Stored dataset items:
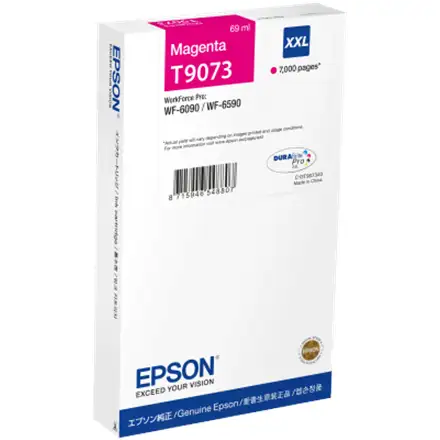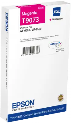 Epson T9073. Värvilise tindi tüüp: Pigmendipõhine tint, Värvilise trüki lehekülgede arv: 7000 lehekülge, Värvilise tindi hulk: 69 ml, Kogus pakis: 1 tk
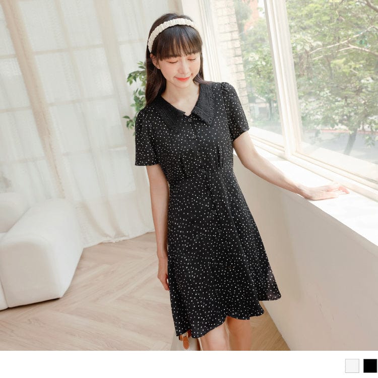 LACE PRINTED BUTTONS TUNIC POLKA DOTS MIDI DRESS
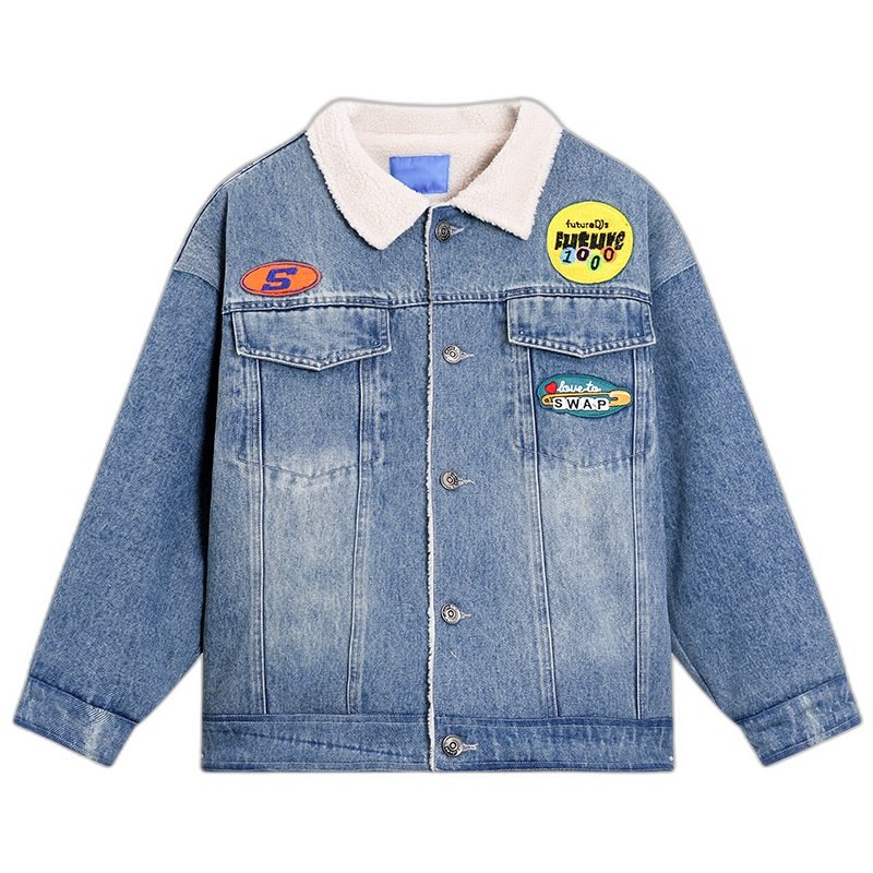 📚 2025冬装波拉童装男女童中大童韩范翻领加绒牛仔衣机车夹克衫外套
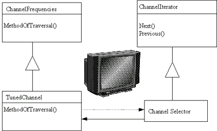 // The class SomeClassWithData provides access // to its internal data structure. Clients can // accidently or maliciously trash that data // structure. class SomeClassWithData { private TreeSet<Integer> m_data = new TreeSet<Integer>(); public void add( int in ) { m_data.add( in ); } public Collection get_data() { return m_data; } } class IteratorDemo { public static void main( String[] args ) { SomeClassWithData some_object = new SomeClassWithData(); for (int i=9; i > 0; --i) some_object.add( i ); Collection data = some_object.get_data(); for (java.util.Iterator it = data.iterator(); it.hasNext(); ) System.out.print( it.next() + " " ); System.out.println(); // Do we really want a client to be able to // trash encapsulated state? data.clear(); data = some_object.get_data(); System.out.println( "size of data is " + data.size() ); } } // 1 2 3 4 5 6 7 8 9 // size of data is 0 | // Take traversal-of-a-collection functionality out // of the collection and promote it to "full object // status". This simplifies the collection, allows // many traversals to be active simultaneously, and // decouples collection algorithms from collection // data structures. class SomeClassWithData { private TreeSet<Integer> m_data = new TreeSet<Integer>(); public class Iterator { private SomeClassWithData m_collection; private java.util.Iterator |
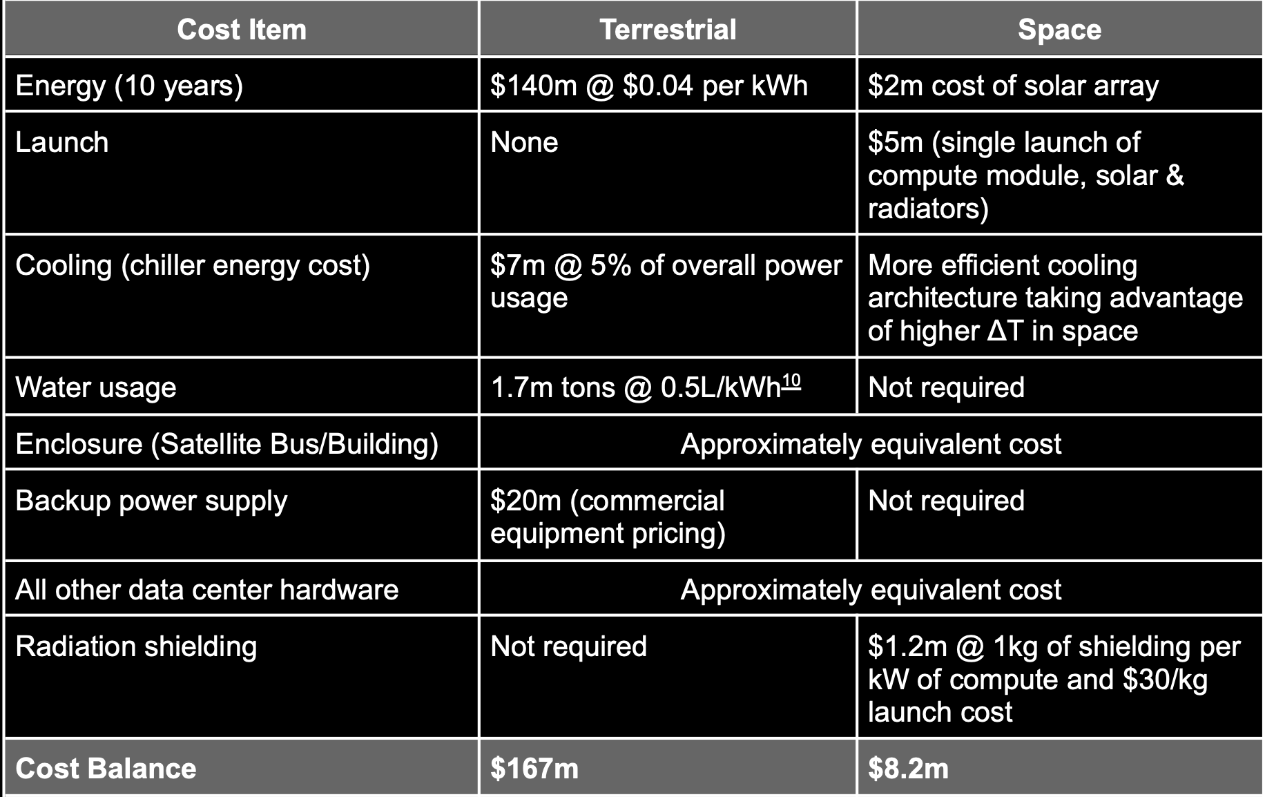 Very high costs of deployment. While SpaceX has significantly changed the math of doing space launches, realistically speaking in the short term, we are unlikely to be able to put any sort of capacity that would be able to return its investment from electricity costs alone.

Task instructions:
The answer must consist of the entries above, reproduced word for word, without any pictures.

Expected output:
 Epson T9073. Värvilise tindi tüüp: Pigmendipõhine tint, Värvilise trüki lehekülgede arv: 7000 lehekülge, Värvilise tindi hulk: 69 ml, Kogus pakis: 1 tk
 LACE PRINTED BUTTONS TUNIC POLKA DOTS MIDI DRESS
 📚 2025冬装波拉童装男女童中大童韩范翻领加绒牛仔衣机车夹克衫外套
 // The class SomeClassWithData provides access // to its internal data structure. Clients can // accidently or maliciously trash that data // structure. class SomeClassWithData { private TreeSet<Integer> m_data = new TreeSet<Integer>(); public void add( int in ) { m_data.add( in ); } public Collection get_data() { return m_data; } } class IteratorDemo { public static void main( String[] args ) { SomeClassWithData some_object = new SomeClassWithData(); for (int i=9; i > 0; --i) some_object.add( i ); Collection data = some_object.get_data(); for (java.util.Iterator it = data.iterator(); it.hasNext(); ) System.out.print( it.next() + " " ); System.out.println(); // Do we really want a client to be able to // trash encapsulated state? data.clear(); data = some_object.get_data(); System.out.println( "size of data is " + data.size() ); } } // 1 2 3 4 5 6 7 8 9 // size of data is 0 | // Take traversal-of-a-collection functionality out // of the collection and promote it to "full object // status". This simplifies the collection, allows // many traversals to be active simultaneously, and // decouples collection algorithms from collection // data structures. class SomeClassWithData { private TreeSet<Integer> m_data = new TreeSet<Integer>(); public class Iterator { private SomeClassWithData m_collection; private java.util.Iterator |
 Very high costs of deployment. While SpaceX has significantly changed the math of doing space launches, realistically speaking in the short term, we are unlikely to be able to put any sort of capacity that would be able to return its investment from electricity costs alone.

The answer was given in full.